When the scenario is reversed and the Titans are facing that same fourth-and-3 at New England’s 45, the choice is less clear-cut, although opting to attempt either a pass or run is still sightly preferable to a punt.

EdjSports simulation of a hypothetical Titans fourth-and-three

“It gives context to the decision,” DeFeo said. “If we know that, in order for that to be a profitable decision that we have to pin them between the goal line and the three-yard line, anything else we’re giving away [game-winning chance]. Does that color that decision in real-time?”

While the motivation for a baseball team is more clear-cut — score as many runs as possible and allow as few — the matter isn’t always so straightforward in football, given the different point values and the decaying clock that limits opportunity for comebacks. Because the model only cares about winning or losing and not, say, saving face at a press conference or mitigating the margin of victory or defeat, its answers can be surprising.

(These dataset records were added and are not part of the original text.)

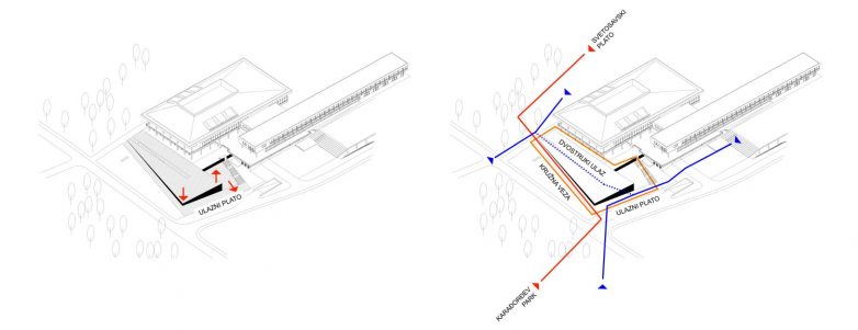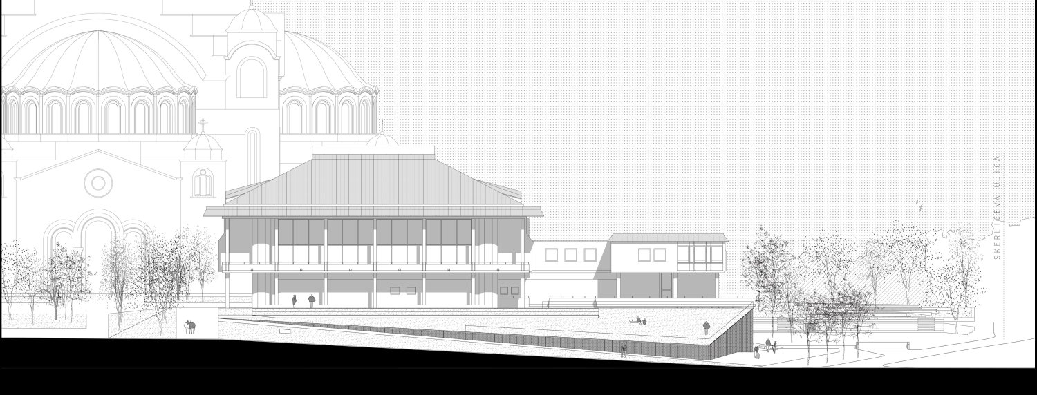 Koncept predloženog rešenja je formiranje prostorno determinisanog javnog prostora ispred postojećeg objekta Narodne biblioteke Srbije. Denivelisanjem postojećeg terena formira se novi ambijent – pristupni plato sa glavnim ulazom u multifunkcionalnu salu i uspostavlja se veza između prostora ispred Hrama Svetog Save i Skerlićeve ulice.
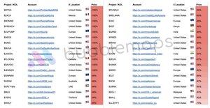 根據Bubblemaps的資料,基於X(Twitter)對38個之前高知名度代幣的地理位置數據,這些代幣有顯著的錢包聚集,超過50%的項目團隊將美國列為他們的所在地,其次是歐洲和印度。價格表現非常嚴重:最低回撤為78%,而超過一半的代幣下跌幅度達99%,例如MELANIA和CR7 Fake。
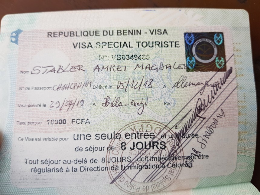 Als wir uns zu den beiden beninischen Uniformierten gesellen, um ein Touristenvisum für 8 Tage zu beantragen, schauen sie uns nur misstrauisch an und fragen, wo wir denn in Benin hinfahren möchten. „Cotonou“, die Hauptstadt von Benin, lautet wahrheitsgemäß unsere Antwort. Doch das stimmt die beiden ganz und gar nicht zufrieden, sondern macht sie sogar noch misstrauischer. Kein Tourist würde freiwillig in die chaotische Hauptstadt fahren und überhaupt möchten sie uns kein Visum ausstellen, lautet daher ihre barsche Antwort. Wir können unseren Ohren nicht trauen – das soll wohl ein Witz sein! Unsere Freunde Amy & Christos waren erst zwei Tage zuvor über die gleiche Grenze gefahren und hatte von einem problemlosen Grenzübertritt und Visumbeantragung berichtet. Ob wohl die gestrige Wahl den beiden Beamten nicht gefallen hat? Oder war es das Mittagessen, das ihnen nicht geschmeckt hat? Man weiß es nicht – auf jeden Fall bleiben die beiden stur.
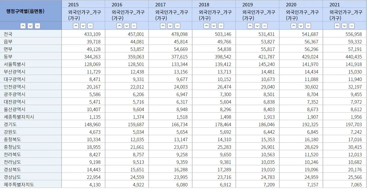 2015년 외국인 가구는 약 43만 가구였다. 이후 지속 증가해 2021년에 55.7만 가구가 되면서 6년간 약 13만 가구가 증가했다. 즉, 일반가구에 외국인가구와 집단가구까지 포함한다면 통계청에서 발표하는 가구 추계보다 훨씬 많은 가구가 대한민국에 살고 있고 가구수는 인구가 감소하고 있음에도 불구하고 꾸준히 증가하고 있다.
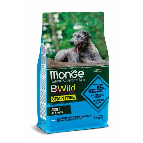 MONGE BWild Grain Free Adult 2,5kg bezobilninové kompletné krmivo pre dospelých psov všetkých plemien s ančovičkami, zemiakmi a hráškom
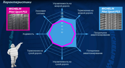 шинах 245/40ZR18 Y. По сравнению с шиной MICHELIN Pilot Sport PS2.
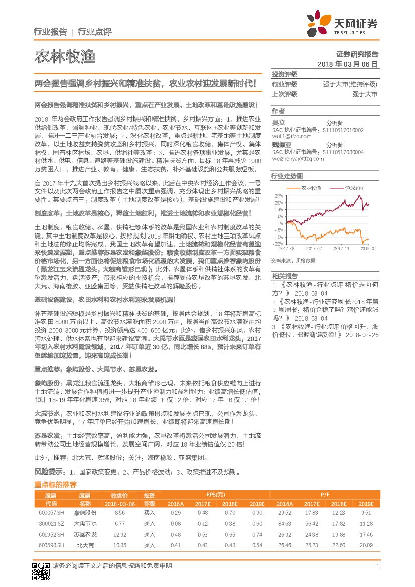天风证券:农林牧渔行业点评:两会报告强调乡村振兴和精准扶贫,农业农村迎发展新时代!.pdf
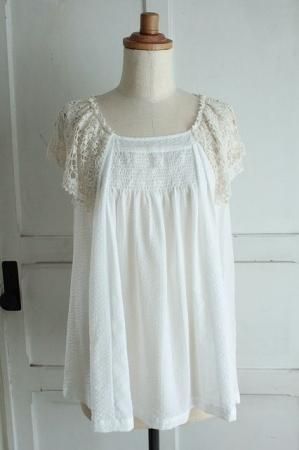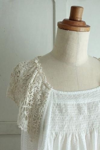爽やかなノースリーブに幅広の繊細なレースの襟・袖が魅力的です。
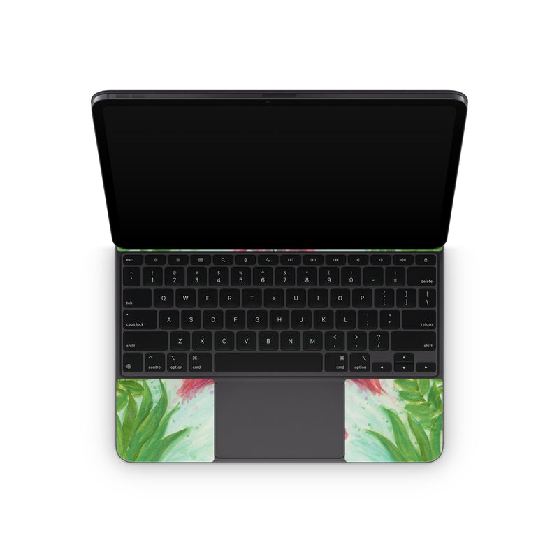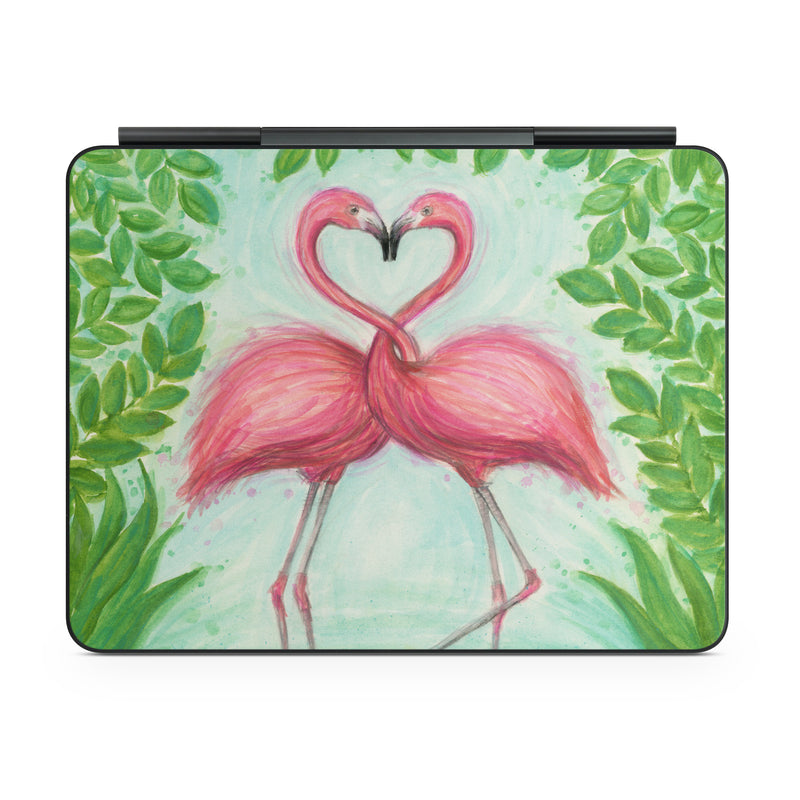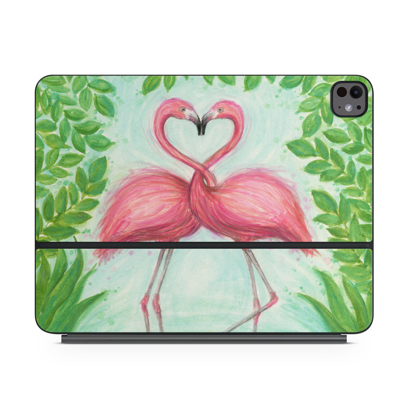 iStyles Magic Keyboard for iPad Series Skin design of Flamingo, Greater flamingo, Bird, Water bird, Pink, Illustration, Watercolor paint, Organism, Drawing, Stork, with pink, blue, green colors, and tagged with fineart, animals, hearts, nature, animals, birds, flamingo, tropical, tropics.
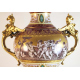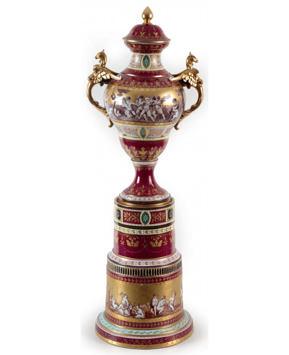 Vaso monumentale su piedistallo cilindrico in porcellana a fondo rosso magenta, decorazioni in oro a serti vegetali, fasce dipinte con scene di putti, anse a grifoni alati, marcato sul fondo in blu Royal Vienna. Austria, sec. XIX. Alt. cm104
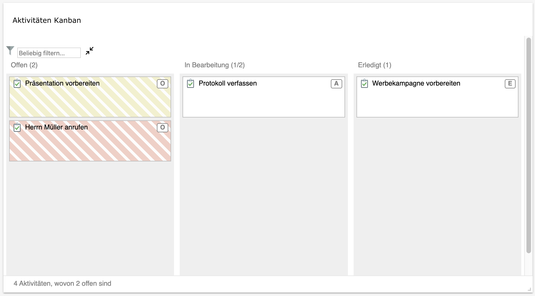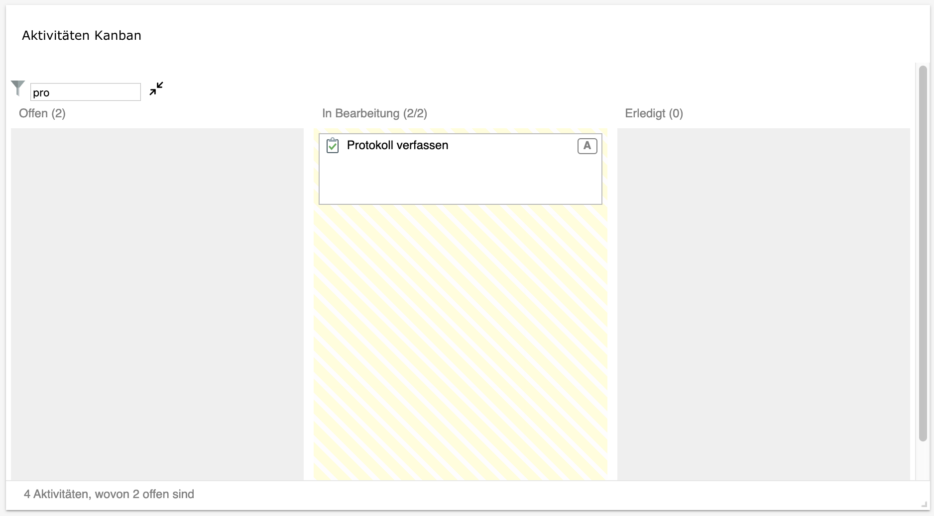 Infokachel - Aktivitäten Kanban
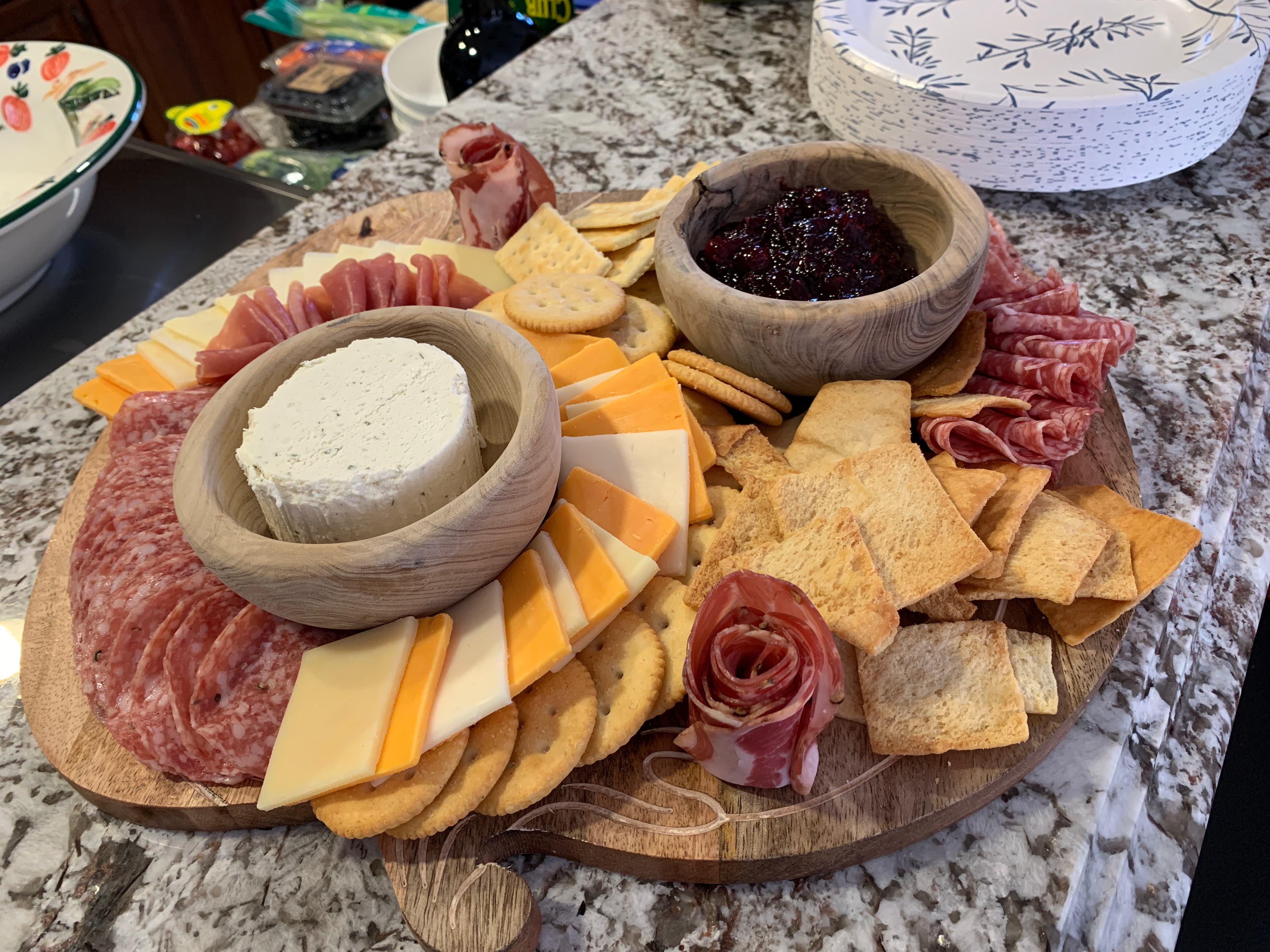 The whole meal looks beautiful but the presentation of the charcuterie board is impressive.

“The model is not emotional in any way about what the final score is, what the statistics generated are — it’s only caring about the course of action the produces the highest win probability, which is where it can sometimes offer up some counterintuitive types of recommendations because it’s recognizing that certain times when you buck conventional wisdom actually produce more wins on average,” Frigo said. “It might produce losses that are losses by greater deficits, but it’s only focused on win probability.”

The Patriots, of course, are responsible for one of the most counterintuitive plays in recent history. In a Sunday night game against the Peyton Manning-led Indianapolis Colts in 2009, New England faced a fourth-and-two at its own 28-yard line with a six-point lead and 2:08 left in the game. Coach Bill Belichick elected to go for it rather than the safe option, a punt. When Brady’s pass only went for one yard, the Colts took over on down and ultimately scored the winning touchdown.

“We actually concurred with Belichick’s decision,” Frigo said of the contemporary Zeus model. “It was a pretty brave decision, and even Bill Belichick got barbecued over that one. That’s the reality of it, right? Good decision-making isn’t based on short-term results, it’s based on expected outcomes.”